_Excerpted records:_

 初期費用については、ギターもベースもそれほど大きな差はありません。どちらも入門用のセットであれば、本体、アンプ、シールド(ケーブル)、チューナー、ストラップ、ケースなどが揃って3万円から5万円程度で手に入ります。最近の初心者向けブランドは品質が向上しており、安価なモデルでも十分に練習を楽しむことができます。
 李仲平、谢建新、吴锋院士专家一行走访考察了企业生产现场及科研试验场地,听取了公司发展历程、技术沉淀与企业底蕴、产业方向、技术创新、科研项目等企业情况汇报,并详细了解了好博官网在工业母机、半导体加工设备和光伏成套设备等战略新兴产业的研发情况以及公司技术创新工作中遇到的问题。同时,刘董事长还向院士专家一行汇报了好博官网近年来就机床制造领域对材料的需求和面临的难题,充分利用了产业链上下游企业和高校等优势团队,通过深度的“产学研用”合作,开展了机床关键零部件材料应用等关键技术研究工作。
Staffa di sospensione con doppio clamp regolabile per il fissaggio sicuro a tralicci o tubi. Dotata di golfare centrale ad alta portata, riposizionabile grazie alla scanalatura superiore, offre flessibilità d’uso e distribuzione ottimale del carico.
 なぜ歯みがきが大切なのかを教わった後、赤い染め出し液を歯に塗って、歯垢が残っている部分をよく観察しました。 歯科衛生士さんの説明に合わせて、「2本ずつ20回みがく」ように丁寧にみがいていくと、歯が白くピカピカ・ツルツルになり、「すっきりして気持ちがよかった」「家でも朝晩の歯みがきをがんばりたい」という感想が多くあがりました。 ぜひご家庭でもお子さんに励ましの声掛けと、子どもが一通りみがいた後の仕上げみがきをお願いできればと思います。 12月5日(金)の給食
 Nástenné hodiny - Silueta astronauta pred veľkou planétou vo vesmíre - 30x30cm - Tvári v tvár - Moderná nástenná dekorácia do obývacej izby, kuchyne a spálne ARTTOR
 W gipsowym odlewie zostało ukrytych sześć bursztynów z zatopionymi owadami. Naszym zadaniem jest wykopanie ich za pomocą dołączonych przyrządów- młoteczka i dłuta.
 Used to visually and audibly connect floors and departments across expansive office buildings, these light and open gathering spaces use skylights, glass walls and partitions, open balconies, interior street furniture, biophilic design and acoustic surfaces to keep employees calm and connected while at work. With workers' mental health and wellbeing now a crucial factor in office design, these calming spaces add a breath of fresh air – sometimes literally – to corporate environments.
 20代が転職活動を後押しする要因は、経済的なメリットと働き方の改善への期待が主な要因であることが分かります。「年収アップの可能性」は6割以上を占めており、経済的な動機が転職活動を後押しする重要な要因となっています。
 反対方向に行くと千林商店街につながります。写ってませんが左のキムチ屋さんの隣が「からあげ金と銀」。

---

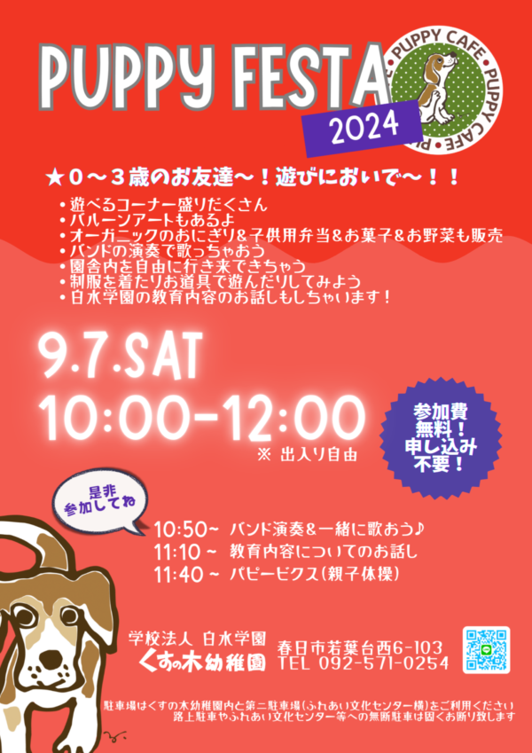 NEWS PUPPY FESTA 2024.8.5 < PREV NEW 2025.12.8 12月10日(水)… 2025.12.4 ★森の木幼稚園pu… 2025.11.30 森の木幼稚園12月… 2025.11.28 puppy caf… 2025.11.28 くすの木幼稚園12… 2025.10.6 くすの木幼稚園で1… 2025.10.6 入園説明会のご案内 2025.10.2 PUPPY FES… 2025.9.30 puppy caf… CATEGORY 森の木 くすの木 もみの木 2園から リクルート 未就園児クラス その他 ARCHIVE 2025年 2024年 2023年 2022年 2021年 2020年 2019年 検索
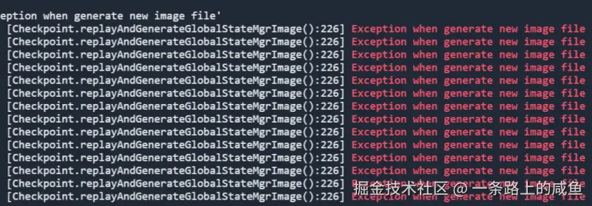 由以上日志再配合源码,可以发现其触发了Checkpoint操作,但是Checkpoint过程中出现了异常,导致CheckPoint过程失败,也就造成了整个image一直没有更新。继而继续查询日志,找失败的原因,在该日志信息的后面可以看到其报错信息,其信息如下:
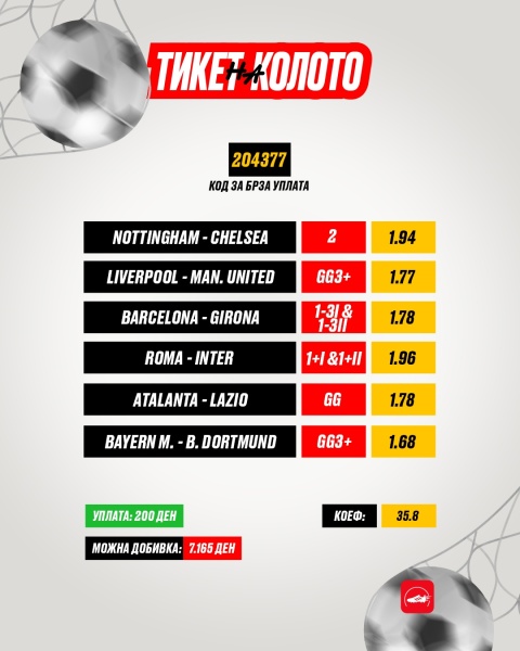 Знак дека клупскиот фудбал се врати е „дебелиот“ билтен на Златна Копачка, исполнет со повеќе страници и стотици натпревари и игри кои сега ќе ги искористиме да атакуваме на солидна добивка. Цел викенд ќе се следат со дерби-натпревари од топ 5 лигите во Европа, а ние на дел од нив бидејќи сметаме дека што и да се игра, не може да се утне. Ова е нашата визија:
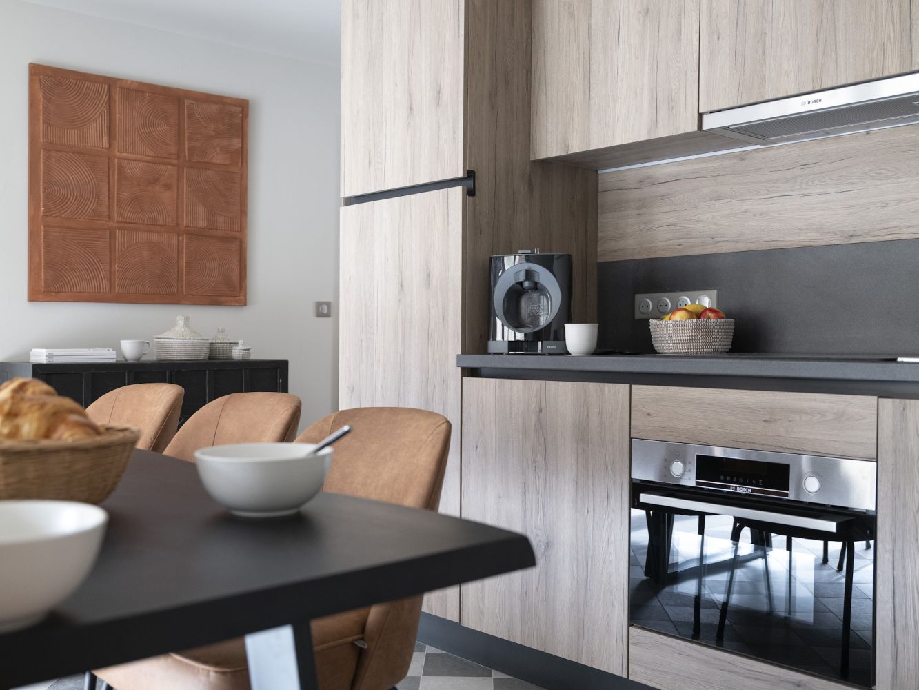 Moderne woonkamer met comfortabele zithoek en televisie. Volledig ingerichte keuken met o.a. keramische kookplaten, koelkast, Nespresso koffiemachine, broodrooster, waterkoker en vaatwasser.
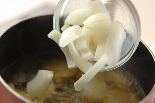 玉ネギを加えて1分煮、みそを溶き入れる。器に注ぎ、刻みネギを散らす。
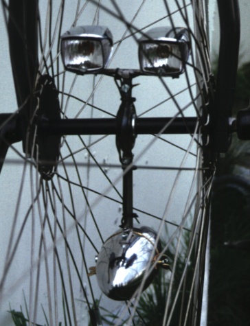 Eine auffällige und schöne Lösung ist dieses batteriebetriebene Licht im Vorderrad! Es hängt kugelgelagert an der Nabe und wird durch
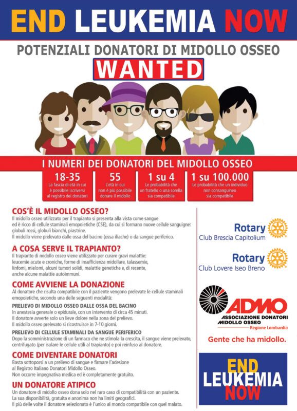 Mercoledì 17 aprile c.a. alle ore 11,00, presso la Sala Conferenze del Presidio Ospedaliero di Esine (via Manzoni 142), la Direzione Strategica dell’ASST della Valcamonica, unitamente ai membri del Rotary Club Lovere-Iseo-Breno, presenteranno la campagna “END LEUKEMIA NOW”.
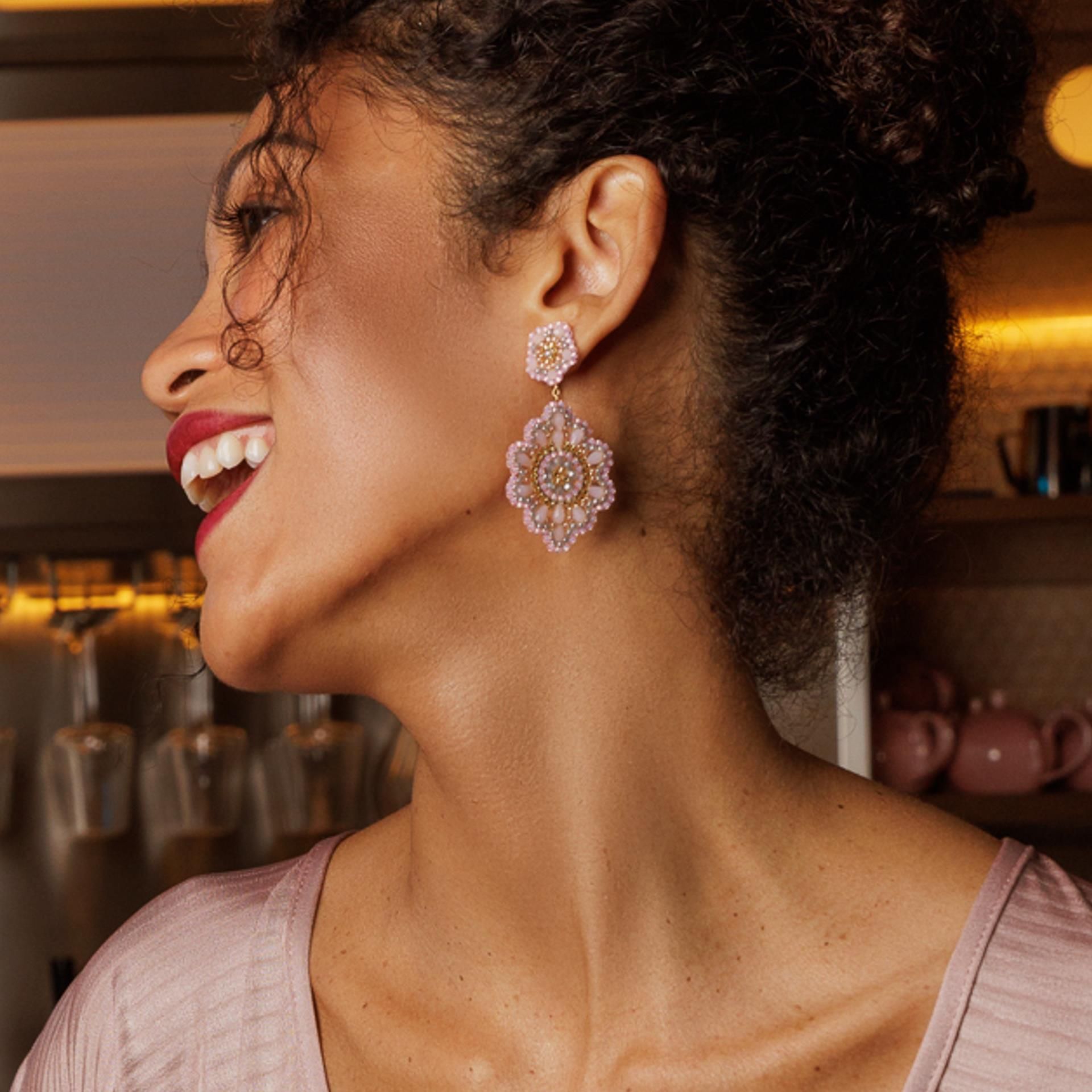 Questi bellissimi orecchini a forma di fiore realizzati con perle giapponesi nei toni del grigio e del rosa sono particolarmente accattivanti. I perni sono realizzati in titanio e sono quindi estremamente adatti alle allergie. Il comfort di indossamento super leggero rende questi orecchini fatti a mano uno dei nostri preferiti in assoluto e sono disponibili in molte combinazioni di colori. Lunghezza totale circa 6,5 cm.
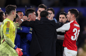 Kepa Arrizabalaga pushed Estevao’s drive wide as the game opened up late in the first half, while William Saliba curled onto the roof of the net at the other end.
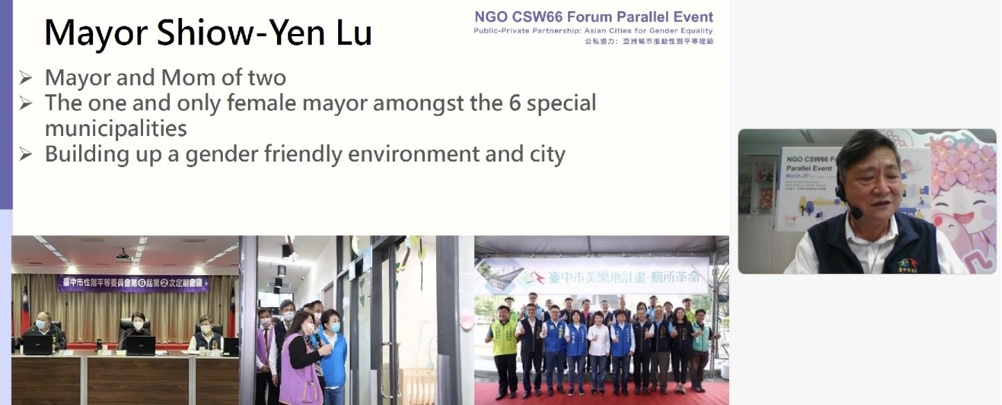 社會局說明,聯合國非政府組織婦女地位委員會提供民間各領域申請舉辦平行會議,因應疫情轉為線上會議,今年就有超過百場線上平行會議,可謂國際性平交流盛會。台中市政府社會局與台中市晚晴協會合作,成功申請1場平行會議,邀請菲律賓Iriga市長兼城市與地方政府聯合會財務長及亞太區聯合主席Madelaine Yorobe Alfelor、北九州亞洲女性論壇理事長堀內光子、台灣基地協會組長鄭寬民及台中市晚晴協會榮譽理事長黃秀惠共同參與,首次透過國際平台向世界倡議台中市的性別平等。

_Work required:_ Look above for the line with "Mercoledì 17 aprile", then give again exactly every line from there through the line with "Kepa Arrizabalaga pushed", skipping the pictures.

_Answer to this problem:_
 Mercoledì 17 aprile c.a. alle ore 11,00, presso la Sala Conferenze del Presidio Ospedaliero di Esine (via Manzoni 142), la Direzione Strategica dell’ASST della Valcamonica, unitamente ai membri del Rotary Club Lovere-Iseo-Breno, presenteranno la campagna “END LEUKEMIA NOW”.
 Questi bellissimi orecchini a forma di fiore realizzati con perle giapponesi nei toni del grigio e del rosa sono particolarmente accattivanti. I perni sono realizzati in titanio e sono quindi estremamente adatti alle allergie. Il comfort di indossamento super leggero rende questi orecchini fatti a mano uno dei nostri preferiti in assoluto e sono disponibili in molte combinazioni di colori. Lunghezza totale circa 6,5 cm.
 Kepa Arrizabalaga pushed Estevao’s drive wide as the game opened up late in the first half, while William Saliba curled onto the roof of the net at the other end.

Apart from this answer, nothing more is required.